Thursday, January 23, 2014

Ottawa Parliament Hill, Photo Journal, Longread




Jan 23
In Ottawa, for the second day, in a very overpriced hotel. Usually you get what you pay for, but this time, not much.  We thought we were getting a suite with kitchenette for $200/night, but no, just a room with a bed and two not comfy chairs.  I'm getting over a major dissappointment, and making do.  After all, we are very lucky to have this opportunity, so I put a pillow on the clothes rack, pulled a not comfy chair facing the window and now have my feet up and typing. "Making do" at $200/night is simply wrong, but...so for lunch we cruised into the Byward Market to buy some bread, which was a fresh loaf, cloud soft on the inside and chewy on the outside, with cheese and olives mixed in.  I could eat it all on its own, but we had a pat of butter (from the bakery), and goats milk cheese, and havarti with it.  The cheeses need to be eaten, as the room also lacks a fridge, although with an outside temperature sitting at -20C, the stone window ledge is doing a fine job keeping things cool. And then there's the eggnog that we got for Christmas and brought along for the ride.  It's the real thing, with alcohol, so I'm trying to portion out a little in a large water glass.

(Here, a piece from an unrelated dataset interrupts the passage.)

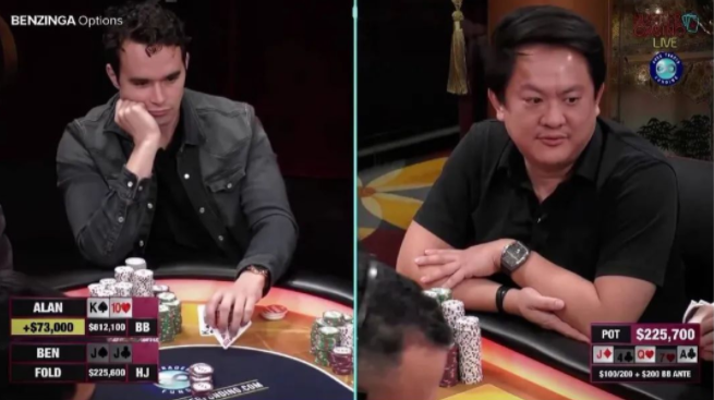 牌局发生在Hustler Casino Live的100/200(ante 200)常规桌,桌上的玩家包括Alan Keating、Ryan Feldman、Handz、Wesley和Ben Chung。

Randy is having more.  Well, the car is hidden away with valet parking--no problem there.  This, and cantaloupe is our after skate evening meal.  We were out all day long, so it's nice just to stay in.
We started the day with just a walk, exploring Ottawa, from Parliament Hill to a tour down Sussex Drive.  We did not get so far as 24 Sussex, I think we reached 260.  We did see the Embassy of Saudi Arabia, that looked like it had been time-warped in from some warmer time and place.  We walked along the Ottawa River back up to the National Gallery of Canada.  Beautiful scenery and the ice was covered with a web of "dog" tracks that converged against the shelter of a cliff far below. I doubt a pack of domestic dogs made these tracks, so it's wolves or coyotes that roam the ice at night. Parliament Hill has tame chickadees.  Must remember to bring some food next time.
We wrapped things up for the morning at Parliament Hill.  I was humiliated once again at the security check. Thank goodness I'd learned my lesson two years ago in Fredericton and left my rather large camp knife behind this time.  I don't think it would have been treated with the same mild amusement it met back in New Brunswick.  No, this time it was my multiple layers of winter gear.

"Could you take your jacket off maam."
"this one? how about this one? And the vest too?  I have more."
"Could you empty your pockets maam?"
"Um..." I was wearing four pairs of pants, and I can't remember which ones have pockets.  The wind pants have spare kleenex within, and yep, that too has to go in the bucket, and my jacket has, worse, used tissue inside, because it's cold enough to make your nose run like a tap, so that too had to come out into the light of day, along with my hat, my earmuffs, and my belt.  In Randy's knapsack was a loaf of bread, yep, the aforementioned aromatic loaf of bread plus a full set of plastic cutlery we had esconsed from the bakery to make up for the lack of kitchenette.
It took us fifteen minutes to get ourselves together again.
The parliament is awesome in the proper sense of the word, full of vaulted stone and intricate relief carvings and crowds of gargoyles. The windows are gothic, some of them stained.  The library was rich with the thick smell of books-- I inhaled deeply to make the most of the experience.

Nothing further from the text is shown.